A good part of the fact that there are many people who shy away from credit cards or, those who do have, end up in uncontrollable debt has to do with the high interest rates that they usually handle. That is why you always have to see the best way to reduce that rate to the minimum possible to take advantage of its benefits. Here are 4 ways to do it.
Negotiate with your credit card issuer
To negotiate with the issuer of your credit card, it is essential that, previously, you have done your homework and review certain information that supports that possibility. You can’t just call and say “I want a lower interest rate, give it to me”. In the restructuring process, you must have sufficient arguments to convince your lender. Here are the data you should take into account before starting the conversation:
- Check and improve your credit score. Your credit score is one of the primary factors for any lender to determine your interest rate. Simply put, a higher credit score means a lower interest rate. If your score is not the best, then you should work on it before looking for a lower interest rate, because your lender will most likely not give in to your request.
- Review the offer of credit cards from the competition. We are in a free market country, so there are times that an issuer can offer you a better offer to have a credit card. However, opening another account may not be the best for your finances, especially if your plastics handle annuities. However, reviewing what the competition can offer you can be a card that you play in your favor with your issuer. In the end, you will always have the option to consider switching.
Look for 0% APR balance transfer offers
If the deal stalls, you can still lower your credit card interest rate. If you’ve already reviewed other credit card offers, also look for those that have any 0% APR balance transfer promotions. The best cards usually offer 12 months or more of this offer. The interest rate will increase after that period. If you have a large salary, it is a good way to get out of debt.
Before opening a new account you should consider two things: first, that the balance transfer fees are not so expensive, because they could exceed the interest charges ; and two, that the credit card has a low interest rate by the time the promotional period ends.

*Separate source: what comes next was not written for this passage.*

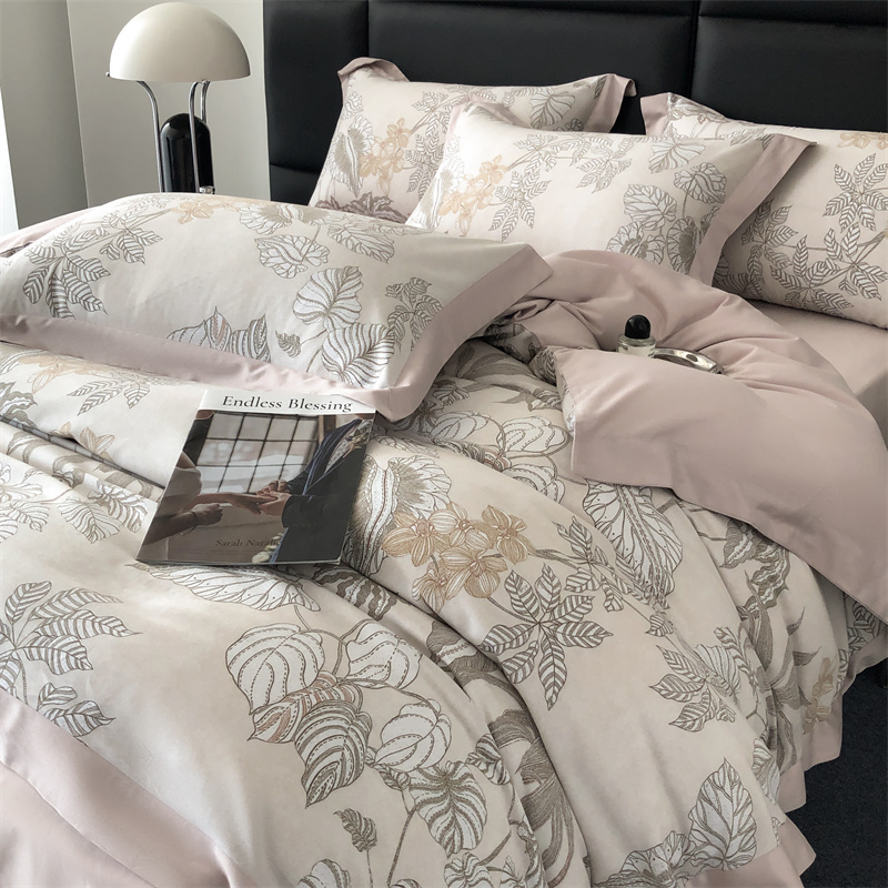 (总)时亿家居 2026新款100支全棉纯棉绣花四件套-至简逸品系列,逸品-粉,逸品-红,逸品-灰,逸品-卡其,逸品-蓝,逸品-香槟
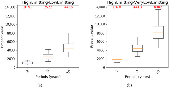 Lastly, Figure 7 highlights how the selection of a certain number of years is the most critical parameter. In the HE − LE scenario, the increase from 2 to 5 years leads to a median PV that is nearly 2.5 times higher (233% increase) while when considering 10 years, the PV becomes over 4 times higher (416%). A similar trend also happens in the HE − VLE scenario, although in this case, the absolute figures are more elevated. In both scenarios, the vertical dimension of the boxes (that shows how widely the values between the 25th and 75th percentile are spread) also grows with the number of years as the effect of the variations in the other parameters becomes increasingly relevant as more terms (i.e., annual cashflows) are added together.

Apply for a new credit card with a lower APR
The typical interest rate on a credit card ranges from 15% to 20%, depending on the card, its creditworthiness, and other factors.
If we add to this a good credit score, it is possible that you acquire a good low interest rate offer, so you would benefit from lower payments, if you do not manage to pay off your balances each month.
Apply for a debt consolidation loan
A credit card is convenient for many consumers, but that doesn’t mean it’s the best option. For people who do not have great control of their finances, the danger of indebtedness is latent with plastics, especially if they have high credit limits. If you already have current debt, a debt consolidation loan can be an excellent option to settle it.
Debt consolidation loans typically offer lower interest rates. Plus, fixed monthly payments and set terms can make budgeting easier as you pay down your debt.
Of course, to avoid getting into debt again, you need to stop using your credit card, especially if you cannot lower your interest rate.